Seven, flink-- asynchronous IO

A, flink asynchronous IO Overview

1.1 Asynchronous IO requirements

Async I / O is Alibaba contribute to a community of very high voice features introduced in version 1.2. The main purpose is to solve the communication delay (such as waiting for a response to the external system) becomes a problem when the system data flow bottleneck interact with external systems. For real-time processing, when the need to use external storage data, the need to be careful to treat, can not let the whole progress of work and the interaction between the external system processing delay convection decisive influence.
For example, the operator and other yard mapfunction access an external memory, in fact, the interaction is synchronous: send such a request to the database, it will wait for a response mapfunction. In many cases, this waiting process is very wasteful function of time. Asynchronous interaction with the database, the function means that a single instance can handle many concurrent requests, concurrent receive a response. Then, since the waiting time will send another request and receive other responses, reused saves time. At least, waiting time is amortized over a plurality of requests. This makes a lot of use cases with a higher throughput.
Seven, flink-- asynchronous IO
Figure 1.1 flink-- asynchronous IO

Note: By increasing MapFunction to a larger degree of parallelism is possible to improve throughput, but this means higher resource overhead: More MapFunction instance mean more task, thread, flink internal network connection, link to the database, cache, more internal state spending.

1.2 Prerequisites for using asynchronous IO

Flink when using asynchronous IO, the connected database needs to support asynchronous client. Fortunately, many popular database support such clients. If there is no asynchronous client, you can also create multiple synchronization client, into the thread pool, use the thread pool to complete asynchronous function. Of course, this manner asynchronous with respect to clients less efficient.
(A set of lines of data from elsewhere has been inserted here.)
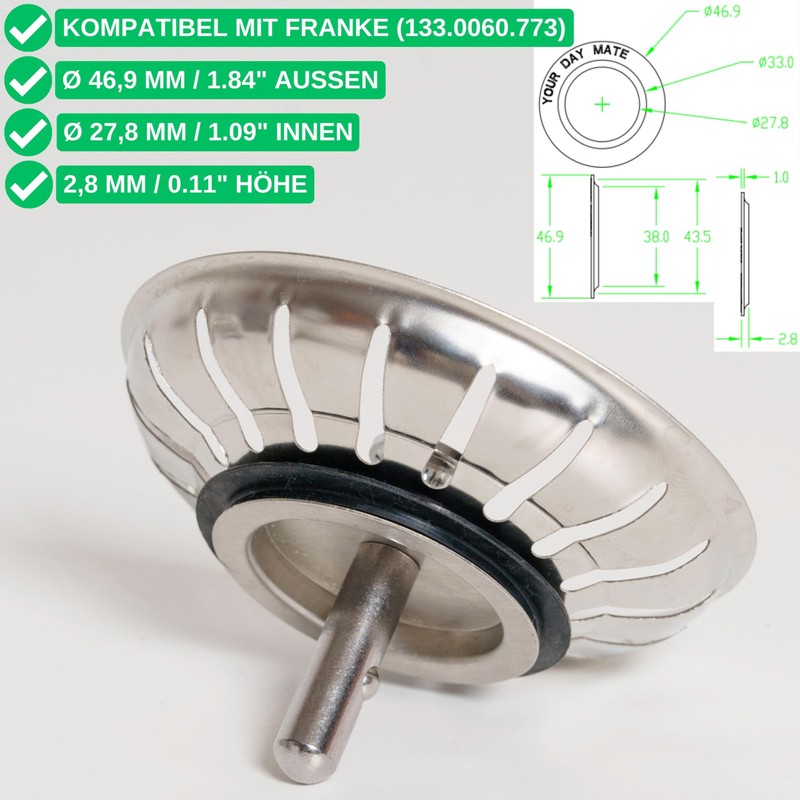 - Strainer basket replacement seals compatible with Franke sealing ring item number 133.0060.773: these plug replacement seals are suitable for 3.5 inch drain fittings - the strainer basket seal is not an original part.
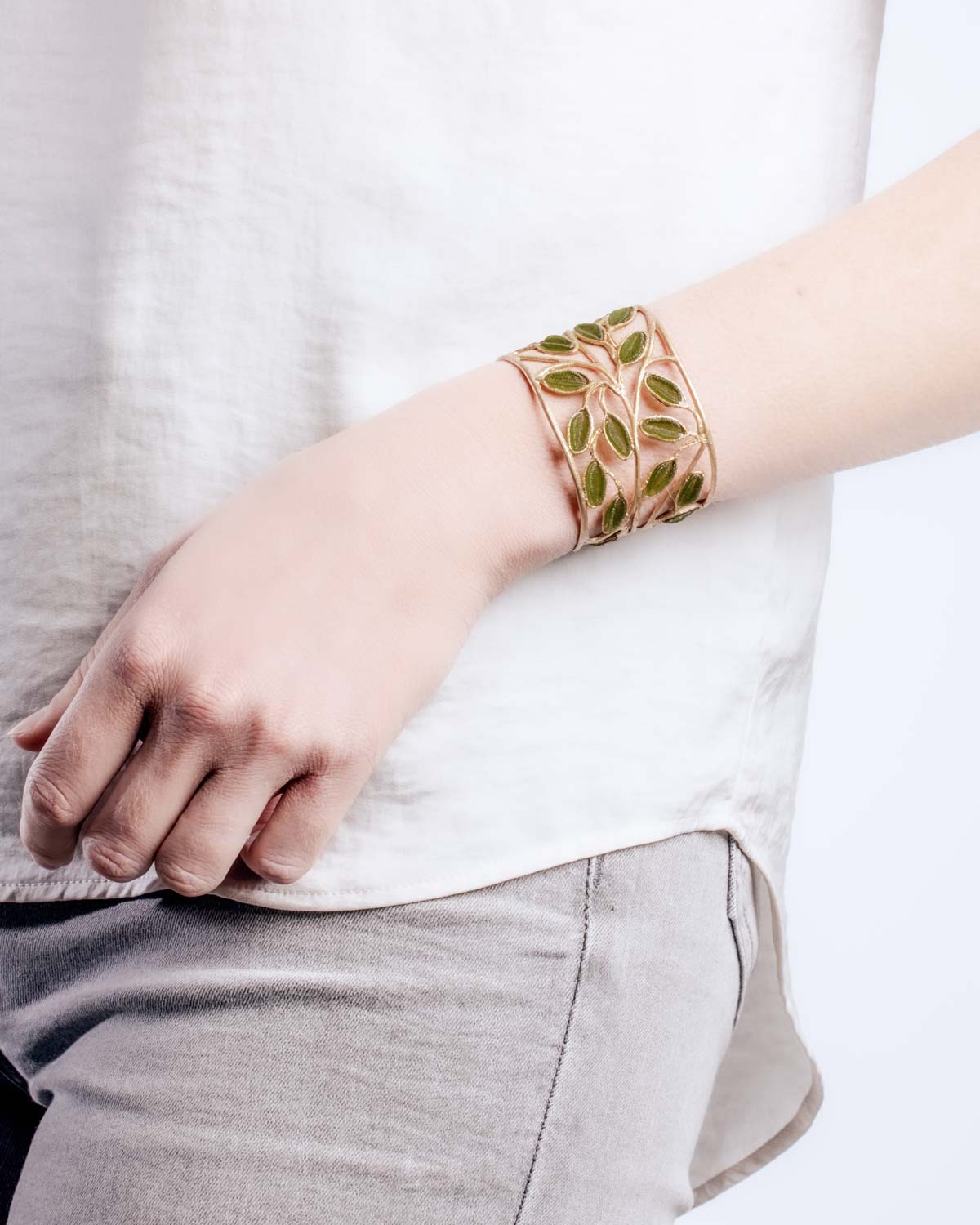 Captivated by the texture of the Sage leaf, Michael Vincent strived to recreate this same pattern in his own jewelry line. Casting directly from the leaf itself, he was able to capture the beveled, hand-cast glass elements, Michael created a similar design in this collection to resemble the way sage leaves lay while rooted.
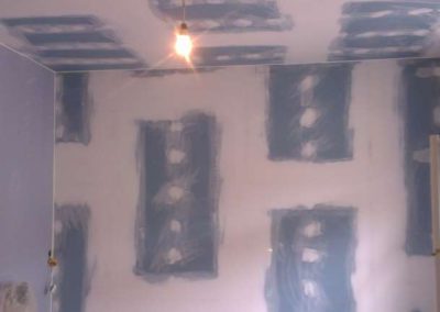 Čerstvě koupený byt na Praze 7, majitel demontoval podlahy a rozhodl se rovnou zvýšit neprůzvučnost slabých článků bytu. Realizovalo se odhlučnění stropu a stěny v ložnici.
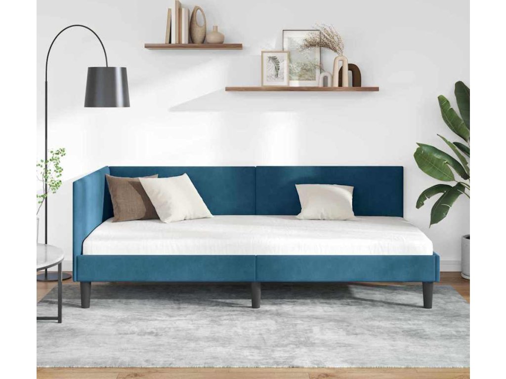 Rohový rám postele Modrá 90 cm x 200 cm Polyester a překližka [42016225]

Two, flink the use of asynchronous IO

2.1 The use of asynchronous IO

flink asynchronous IO API support asynchronous users requesting client in the data stream. API itself integration processing data streams, message sequence, Time, and fault tolerance.
If there is asynchronous client target database, using asynchronous IO, the need to achieve what three steps:
1, to achieve AsyncFunction or RichAsyncFunction, the function implements the functionality requested asynchronous distributed.
2, a callback callback function to retrieve the results of the operation, and then transferred to the ResultFuture.
3, using asynchronous IO operations on DataStream.

This interface can look AsyncFunction source

public interface AsyncFunction<IN, OUT> extends Function, Serializable {
    void asyncInvoke(IN var1, ResultFuture<OUT> var2) throws Exception;

    default void timeout(IN input, ResultFuture<OUT> resultFuture) throws Exception {
        resultFuture.completeExceptionally(new TimeoutException("Async function call has timed out."));
    }
}

Mainly we need to implement two methods:

 void asyncInvoke(IN var1, ResultFuture<OUT> var2):
 这是真正实现外部操作逻辑的方法,var1是输入的参数,var2则是返回结果的集合

 default void timeout(IN input, ResultFuture<OUT> resultFuture)
 这是当异步请求超时的时候,会调用这个方法。参数的用途和上面一样

And RichAsyncFunction an inheritance RichAsyncFunction class, it also provides open and close these two methods, we generally use is to create a client connection (such as connection jdbc mysql connection) to connect an external storage open method, close to close client connection, as for the above two methods and the use of the same timeout asyncInvoke and will not be repeated here. Generally we used is RichAsyncFunction.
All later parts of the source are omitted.